**Task goal:** Copy verbatim the block of lines in the entries below whose first line contains "Experience the ocean''s" and whose last line contains "1男孩,男性焦点,单独,黄眼". Leave out all other lines.

**Material for this task:**
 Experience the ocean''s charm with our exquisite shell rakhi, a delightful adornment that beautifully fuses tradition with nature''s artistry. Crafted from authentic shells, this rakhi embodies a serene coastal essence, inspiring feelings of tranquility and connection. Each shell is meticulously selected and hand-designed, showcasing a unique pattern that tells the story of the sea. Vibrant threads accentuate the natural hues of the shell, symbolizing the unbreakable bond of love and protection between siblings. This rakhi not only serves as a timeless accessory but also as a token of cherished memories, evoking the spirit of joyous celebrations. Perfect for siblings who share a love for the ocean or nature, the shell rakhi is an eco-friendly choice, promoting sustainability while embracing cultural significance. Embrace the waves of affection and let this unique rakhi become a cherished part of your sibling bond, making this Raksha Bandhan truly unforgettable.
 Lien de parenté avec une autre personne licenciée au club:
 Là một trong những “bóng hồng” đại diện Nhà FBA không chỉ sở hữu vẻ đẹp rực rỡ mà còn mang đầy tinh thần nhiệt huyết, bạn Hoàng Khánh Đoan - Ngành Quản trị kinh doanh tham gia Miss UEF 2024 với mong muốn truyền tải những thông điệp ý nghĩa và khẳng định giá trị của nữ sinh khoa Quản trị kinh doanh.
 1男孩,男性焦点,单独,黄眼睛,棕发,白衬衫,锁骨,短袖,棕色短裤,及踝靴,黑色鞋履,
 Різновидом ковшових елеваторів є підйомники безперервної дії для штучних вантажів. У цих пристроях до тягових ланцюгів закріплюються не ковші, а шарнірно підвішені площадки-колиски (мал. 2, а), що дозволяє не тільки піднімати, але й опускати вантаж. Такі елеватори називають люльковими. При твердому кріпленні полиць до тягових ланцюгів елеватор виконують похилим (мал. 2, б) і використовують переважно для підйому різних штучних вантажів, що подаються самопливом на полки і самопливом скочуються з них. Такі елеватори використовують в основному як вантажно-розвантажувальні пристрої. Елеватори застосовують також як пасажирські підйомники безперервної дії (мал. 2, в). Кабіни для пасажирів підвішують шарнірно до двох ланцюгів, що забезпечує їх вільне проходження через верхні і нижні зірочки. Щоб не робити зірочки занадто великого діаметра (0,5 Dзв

--

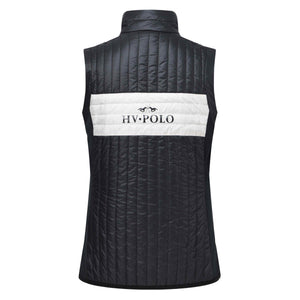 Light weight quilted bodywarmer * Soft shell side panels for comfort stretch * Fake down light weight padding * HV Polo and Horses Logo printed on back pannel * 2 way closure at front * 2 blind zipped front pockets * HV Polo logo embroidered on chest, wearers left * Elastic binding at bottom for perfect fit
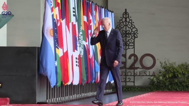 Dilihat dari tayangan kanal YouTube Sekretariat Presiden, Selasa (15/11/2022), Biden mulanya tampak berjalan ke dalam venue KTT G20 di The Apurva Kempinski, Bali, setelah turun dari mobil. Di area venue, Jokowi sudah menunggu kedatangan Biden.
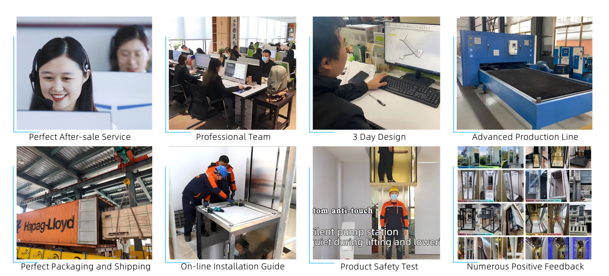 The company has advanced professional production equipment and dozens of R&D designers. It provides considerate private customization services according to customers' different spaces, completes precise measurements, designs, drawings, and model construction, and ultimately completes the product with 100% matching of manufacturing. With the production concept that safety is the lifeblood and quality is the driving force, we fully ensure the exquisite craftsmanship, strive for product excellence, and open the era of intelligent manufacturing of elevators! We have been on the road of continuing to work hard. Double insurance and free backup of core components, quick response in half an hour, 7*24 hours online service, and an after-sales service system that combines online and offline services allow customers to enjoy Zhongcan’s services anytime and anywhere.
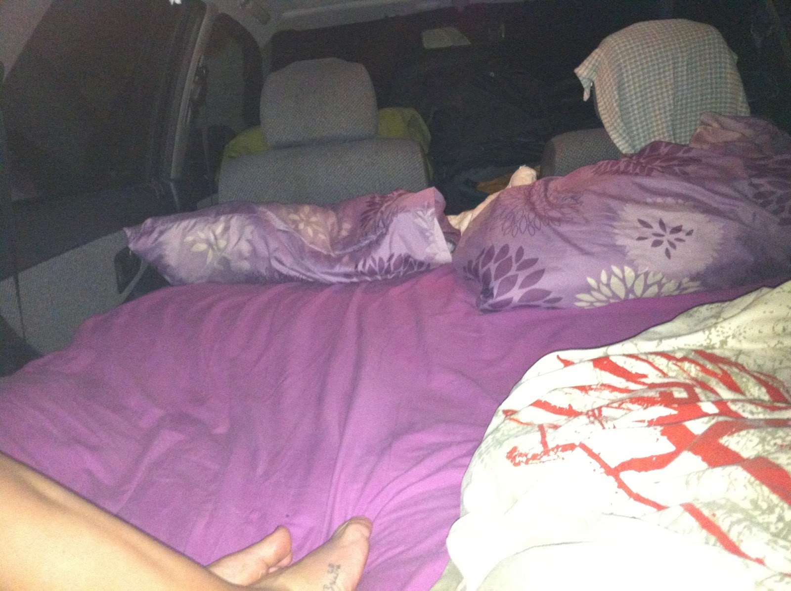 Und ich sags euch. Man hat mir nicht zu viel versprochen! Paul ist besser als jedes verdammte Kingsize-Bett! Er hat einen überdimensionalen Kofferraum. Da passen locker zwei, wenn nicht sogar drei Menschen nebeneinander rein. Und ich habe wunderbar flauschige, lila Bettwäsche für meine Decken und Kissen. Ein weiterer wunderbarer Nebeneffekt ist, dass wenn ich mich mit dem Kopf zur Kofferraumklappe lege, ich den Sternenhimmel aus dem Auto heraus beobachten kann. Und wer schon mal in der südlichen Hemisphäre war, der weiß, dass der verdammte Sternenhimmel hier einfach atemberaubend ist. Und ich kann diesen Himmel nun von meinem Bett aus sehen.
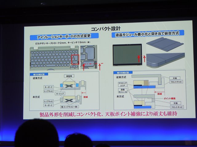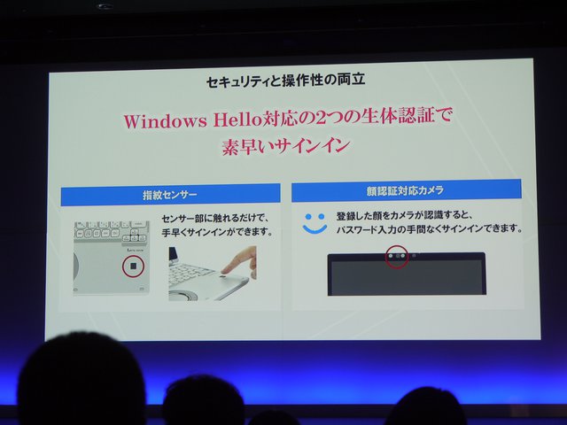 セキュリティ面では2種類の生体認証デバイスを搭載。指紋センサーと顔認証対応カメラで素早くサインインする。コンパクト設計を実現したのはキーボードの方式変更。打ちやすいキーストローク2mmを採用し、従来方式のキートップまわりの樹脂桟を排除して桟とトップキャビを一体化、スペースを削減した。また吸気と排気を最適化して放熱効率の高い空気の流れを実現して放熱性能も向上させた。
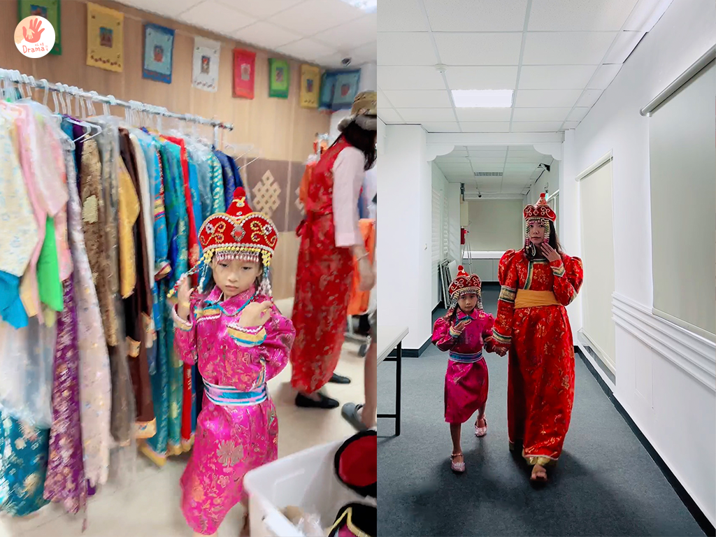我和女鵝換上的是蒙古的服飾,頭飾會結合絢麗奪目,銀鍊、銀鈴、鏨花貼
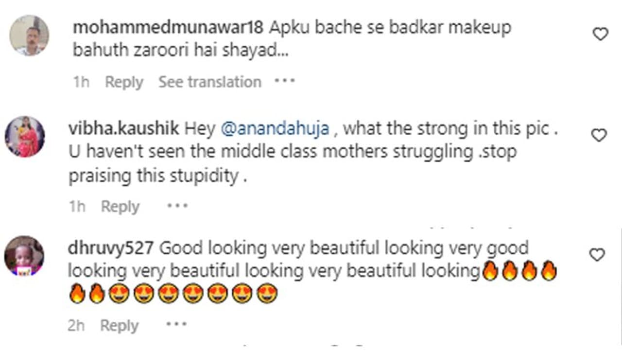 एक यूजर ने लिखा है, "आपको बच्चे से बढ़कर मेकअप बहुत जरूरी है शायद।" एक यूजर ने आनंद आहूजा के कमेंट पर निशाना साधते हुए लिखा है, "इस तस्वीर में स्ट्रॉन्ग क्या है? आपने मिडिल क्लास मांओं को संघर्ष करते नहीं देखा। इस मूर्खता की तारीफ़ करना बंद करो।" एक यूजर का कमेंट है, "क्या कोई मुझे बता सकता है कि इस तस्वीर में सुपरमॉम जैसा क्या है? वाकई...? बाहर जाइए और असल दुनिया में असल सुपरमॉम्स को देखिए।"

**Exercise response:**
 Experience the ocean''s charm with our exquisite shell rakhi, a delightful adornment that beautifully fuses tradition with nature''s artistry. Crafted from authentic shells, this rakhi embodies a serene coastal essence, inspiring feelings of tranquility and connection. Each shell is meticulously selected and hand-designed, showcasing a unique pattern that tells the story of the sea. Vibrant threads accentuate the natural hues of the shell, symbolizing the unbreakable bond of love and protection between siblings. This rakhi not only serves as a timeless accessory but also as a token of cherished memories, evoking the spirit of joyous celebrations. Perfect for siblings who share a love for the ocean or nature, the shell rakhi is an eco-friendly choice, promoting sustainability while embracing cultural significance. Embrace the waves of affection and let this unique rakhi become a cherished part of your sibling bond, making this Raksha Bandhan truly unforgettable.
 Lien de parenté avec une autre personne licenciée au club:
 Là một trong những “bóng hồng” đại diện Nhà FBA không chỉ sở hữu vẻ đẹp rực rỡ mà còn mang đầy tinh thần nhiệt huyết, bạn Hoàng Khánh Đoan - Ngành Quản trị kinh doanh tham gia Miss UEF 2024 với mong muốn truyền tải những thông điệp ý nghĩa và khẳng định giá trị của nữ sinh khoa Quản trị kinh doanh.
 1男孩,男性焦点,单独,黄眼睛,棕发,白衬衫,锁骨,短袖,棕色短裤,及踝靴,黑色鞋履,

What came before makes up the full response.